◆ **EXERCISE REQUIREMENTS**
In the copy of these records, include no pictures and change nothing else.

Dataset items
########

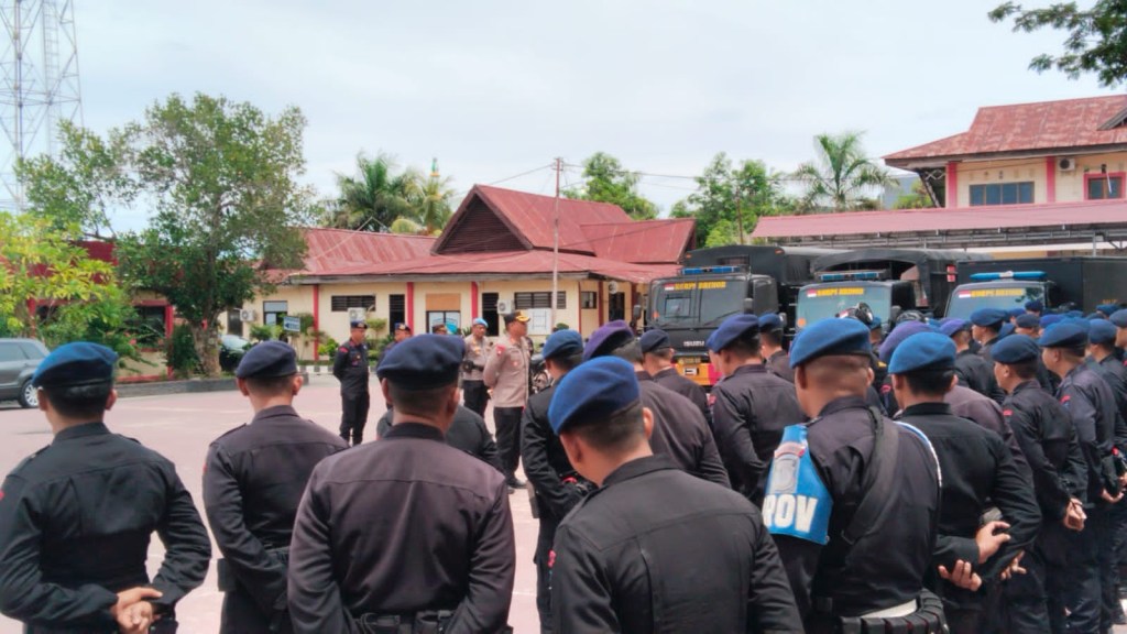 News Lintas Sulawesi/Poso: Dalam rangka pengamanan Pemilihan Umum (Pemilu) Tahun 2024, Satuan Setingkat Kompi (SSK) Satbrimob Batalyon B Pelopor tiba di Markas Kepolisian Resor (Mako Polres) Poso. Acara penerimaan tersebut dipimpin langsung oleh Kapolres Poso, AKBP Arthur Sameaputty, S.I.K, didampingi oleh Danyon B Pelopor Satbrimob, Kompol Robi Utomo, SH, dan Kabag Ops AKP Sudji Hartono, S.H. Selasa(14/02/2024)
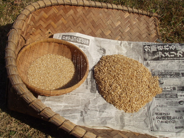 初めて自分たちで作った銘柄も定かでないお米は、摺りたて、つきたて、炊きたてという「3たて」のぜいたくこの上ないご飯になった。炊飯器のフタを開けて、ご婦人とふたりで顔を近づけた。その瞬間湧き立ってきた、例えようもない香ばしい香り・・・は、なかった。普通のご飯の香りだ。それよりも、炊飯器の中を見てがっかり。水が多すぎたようで、べちゃっとしている。新米だから、水は少し控えめにしたつもりだったのだが。
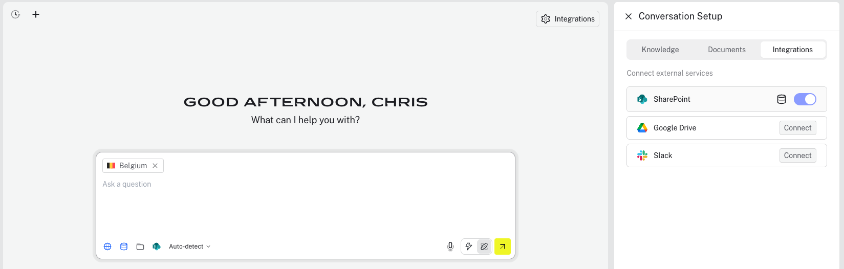- In the Integrations section, click the "Connect" button next to SharePoint
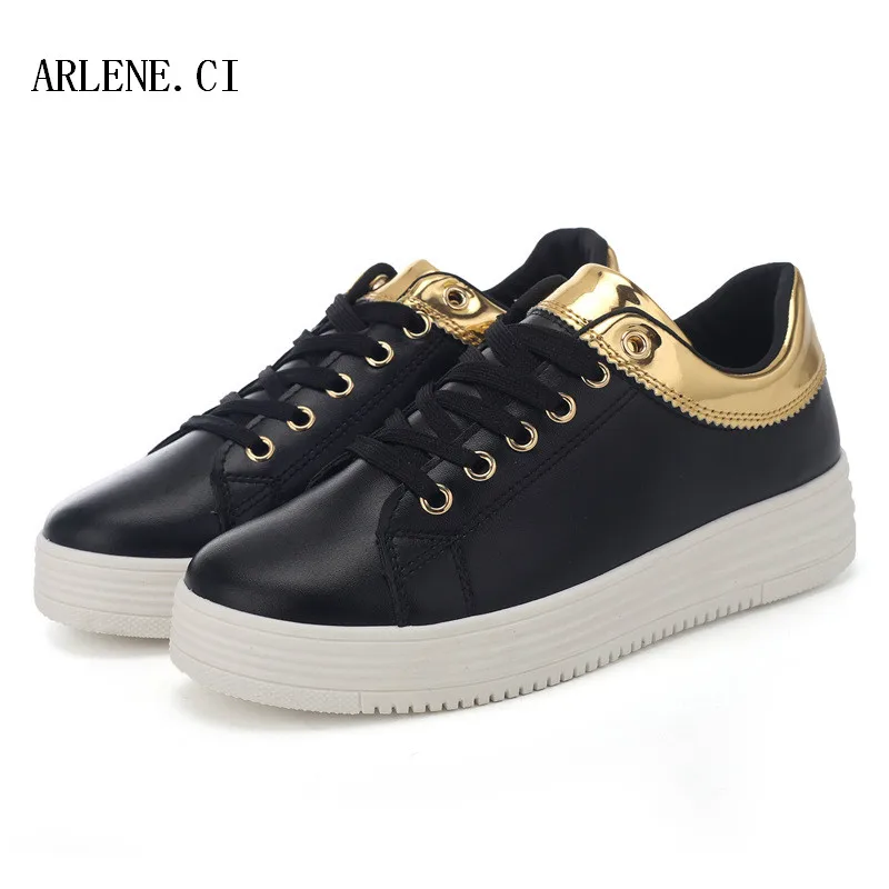 Women Shoes Sanglaide 2017 New Spring Lace up Platform Casual Shoes Womens Gold Flats Basket Femme Trainers Shoes Fashion Brand
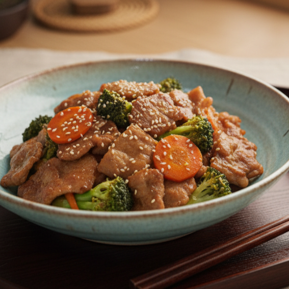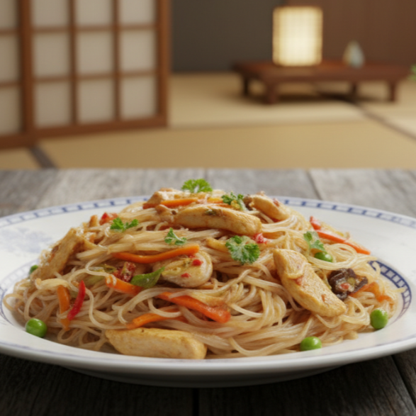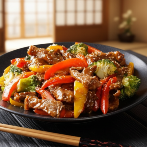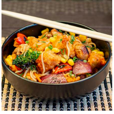 Pollo marinado con ajo y jengibre. Fideos de trigo, salteados en wok con vegetales y salsa teriyaki.
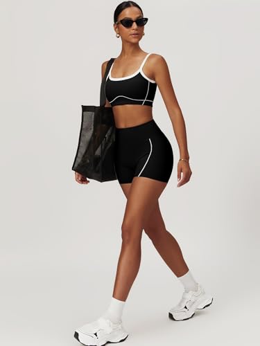 HOT ! Workout Sets for Women 2 Piece Contrast Panel Sports Bra Tummy Control Butt lifting Shorts Jogger Outfits
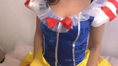 Sexy girl dressed as Snow White, is missing her seven dwarfs, so she masturbates her shaved pussy, solo.
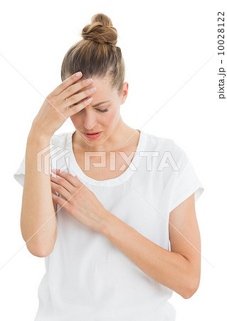Pretty blonde woman having ache
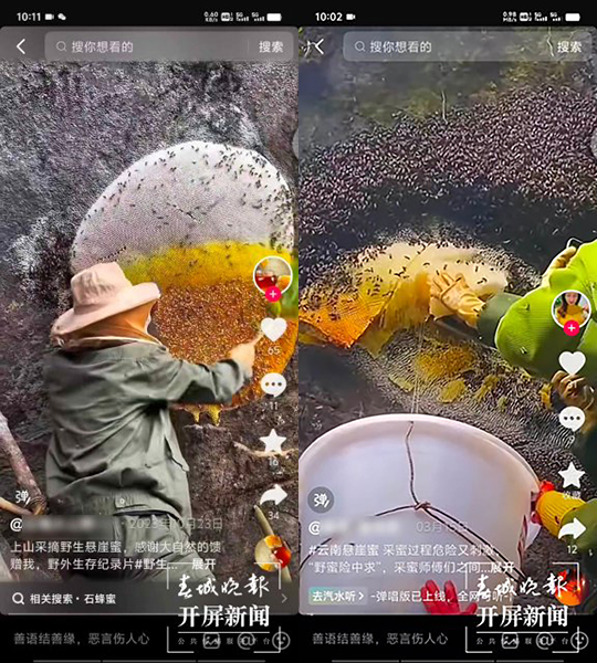 猎取野生蜂蜜让他们暗自伤心 抖音、微信等平台上,时不时会刷到人们割野生蜂蜜的视频,发视频的人还会配上这样的文字: “翻山越岭攀岩走壁,功夫不负有心人,终于找到野生蜂蜜 #大自然的馈赠 #野生蜂蜜采摘 #农村。” “走路4个多小时才到采摘野生悬崖蜜现场…… #悬崖取蜜 #纯天然野生蜂蜜 #大自然的馈赠”
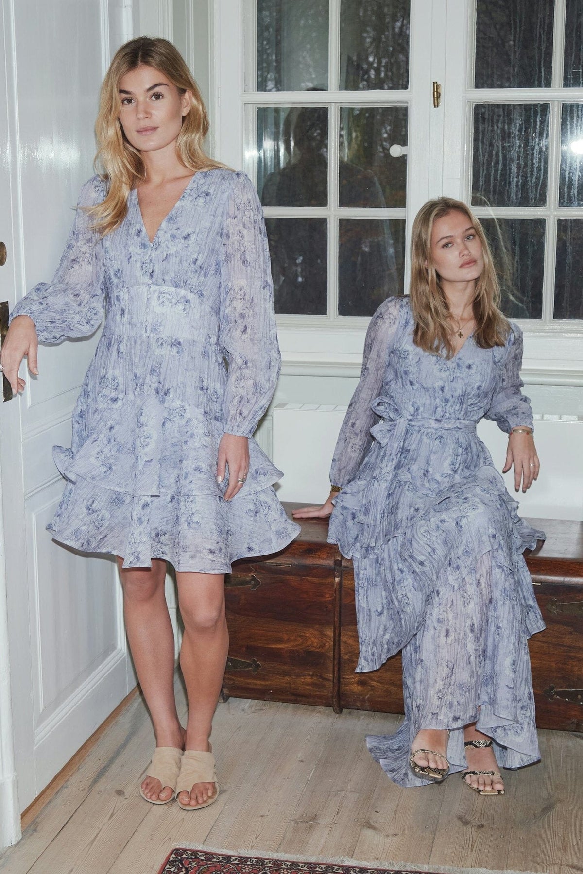 Robe Neo Noir à imprimé fleuri bleu clair. Avec ses volants et son décolleté en V, la robe convient aussi bien au quotidien qu’aux occasions festives et aux mariages.
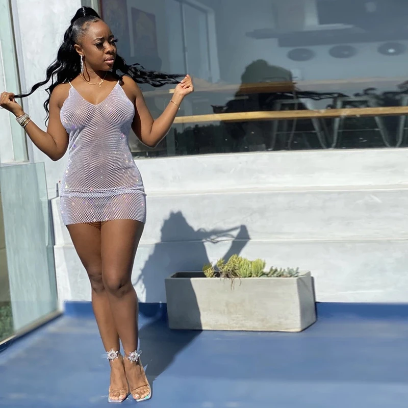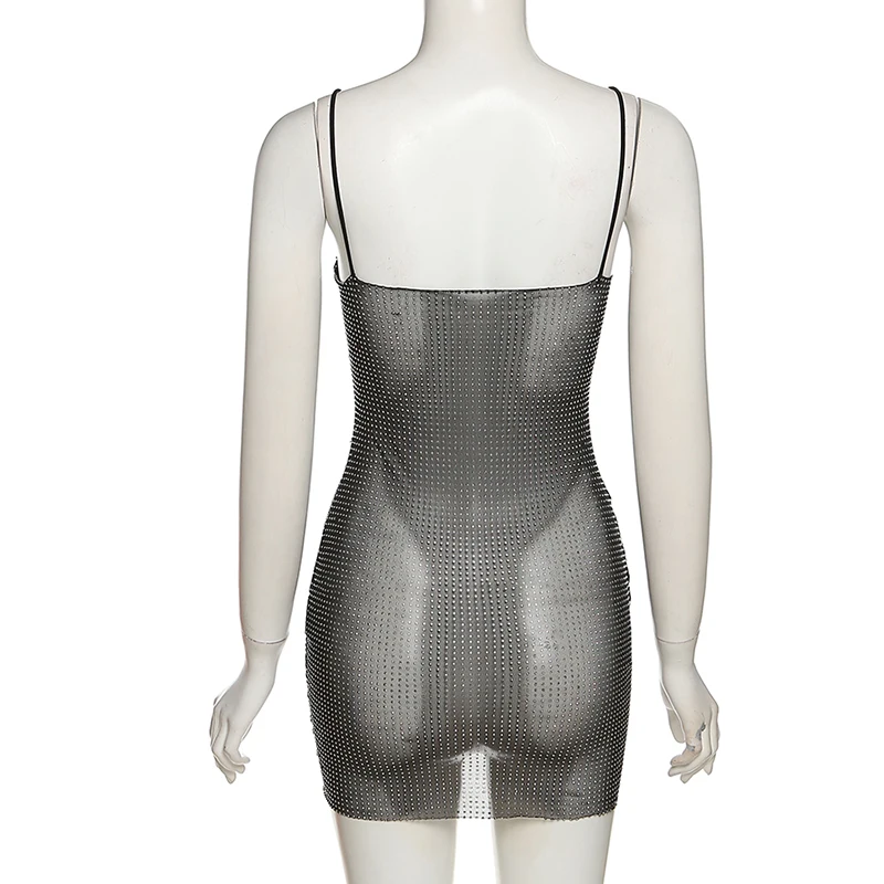 Женская Блестящая сетчатая прозрачная кофта с глубоким вырезом, мини-платья для женщин, модная одежда y2k, элегантная Клубная одежда для вечерние НКИ, женские платья

########

◆ **SOLUTION FOR THIS EXERCISE**
 News Lintas Sulawesi/Poso: Dalam rangka pengamanan Pemilihan Umum (Pemilu) Tahun 2024, Satuan Setingkat Kompi (SSK) Satbrimob Batalyon B Pelopor tiba di Markas Kepolisian Resor (Mako Polres) Poso. Acara penerimaan tersebut dipimpin langsung oleh Kapolres Poso, AKBP Arthur Sameaputty, S.I.K, didampingi oleh Danyon B Pelopor Satbrimob, Kompol Robi Utomo, SH, dan Kabag Ops AKP Sudji Hartono, S.H. Selasa(14/02/2024)
 初めて自分たちで作った銘柄も定かでないお米は、摺りたて、つきたて、炊きたてという「3たて」のぜいたくこの上ないご飯になった。炊飯器のフタを開けて、ご婦人とふたりで顔を近づけた。その瞬間湧き立ってきた、例えようもない香ばしい香り・・・は、なかった。普通のご飯の香りだ。それよりも、炊飯器の中を見てがっかり。水が多すぎたようで、べちゃっとしている。新米だから、水は少し控えめにしたつもりだったのだが。
- In the Integrations section, click the "Connect" button next to SharePoint
 Women Shoes Sanglaide 2017 New Spring Lace up Platform Casual Shoes Womens Gold Flats Basket Femme Trainers Shoes Fashion Brand
 Pollo marinado con ajo y jengibre. Fideos de trigo, salteados en wok con vegetales y salsa teriyaki.
 HOT ! Workout Sets for Women 2 Piece Contrast Panel Sports Bra Tummy Control Butt lifting Shorts Jogger Outfits
 Sexy girl dressed as Snow White, is missing her seven dwarfs, so she masturbates her shaved pussy, solo.
Pretty blonde woman having ache
 猎取野生蜂蜜让他们暗自伤心 抖音、微信等平台上,时不时会刷到人们割野生蜂蜜的视频,发视频的人还会配上这样的文字: “翻山越岭攀岩走壁,功夫不负有心人,终于找到野生蜂蜜 #大自然的馈赠 #野生蜂蜜采摘 #农村。” “走路4个多小时才到采摘野生悬崖蜜现场…… #悬崖取蜜 #纯天然野生蜂蜜 #大自然的馈赠”
 Robe Neo Noir à imprimé fleuri bleu clair. Avec ses volants et son décolleté en V, la robe convient aussi bien au quotidien qu’aux occasions festives et aux mariages.
 Женская Блестящая сетчатая прозрачная кофта с глубоким вырезом, мини-платья для женщин, модная одежда y2k, элегантная Клубная одежда для вечерние НКИ, женские платья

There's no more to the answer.